Count every line of the material that holds the string "backyard". Respond with the total only.

* _EXTRACTED INFORMATION_:
--

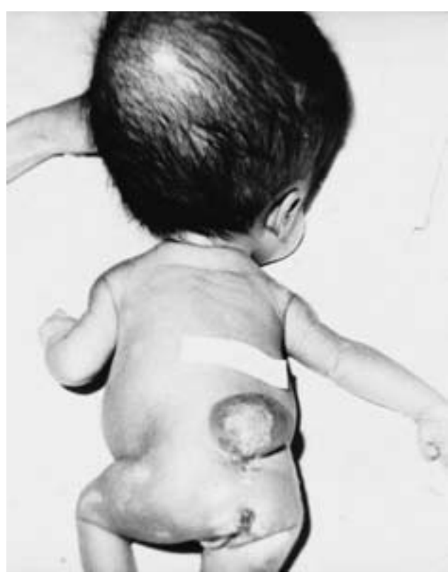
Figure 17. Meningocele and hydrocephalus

--

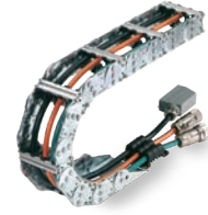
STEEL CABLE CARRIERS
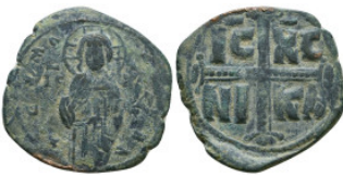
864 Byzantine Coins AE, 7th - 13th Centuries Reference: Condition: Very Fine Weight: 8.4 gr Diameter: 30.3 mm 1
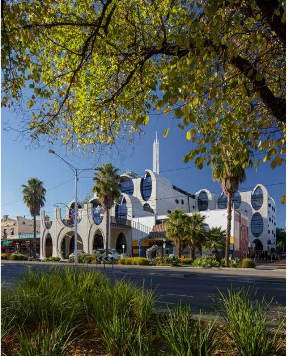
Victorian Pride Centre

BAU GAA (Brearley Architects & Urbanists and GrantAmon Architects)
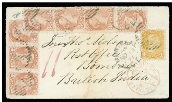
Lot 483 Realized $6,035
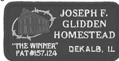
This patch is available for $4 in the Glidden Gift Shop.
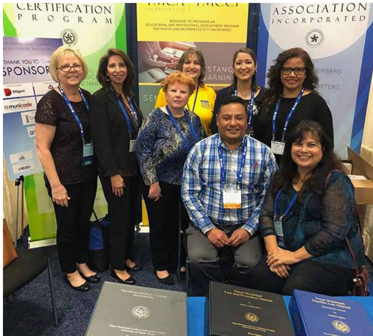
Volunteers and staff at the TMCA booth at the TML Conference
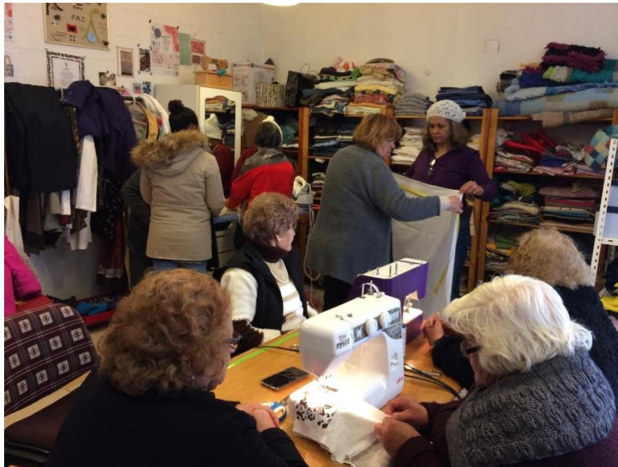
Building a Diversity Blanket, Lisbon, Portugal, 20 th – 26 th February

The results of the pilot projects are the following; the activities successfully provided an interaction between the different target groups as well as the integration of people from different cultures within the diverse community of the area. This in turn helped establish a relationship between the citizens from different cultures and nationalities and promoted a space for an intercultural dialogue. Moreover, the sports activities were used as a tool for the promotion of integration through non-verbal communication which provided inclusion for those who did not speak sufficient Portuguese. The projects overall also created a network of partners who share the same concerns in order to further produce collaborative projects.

--

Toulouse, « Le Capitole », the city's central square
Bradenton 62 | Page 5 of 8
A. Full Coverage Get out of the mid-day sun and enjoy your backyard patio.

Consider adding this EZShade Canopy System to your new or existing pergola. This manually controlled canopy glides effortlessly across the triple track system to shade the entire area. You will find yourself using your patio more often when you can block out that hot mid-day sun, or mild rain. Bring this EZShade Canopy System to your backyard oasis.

--

* _ANSWER FOR THE TASK_: 2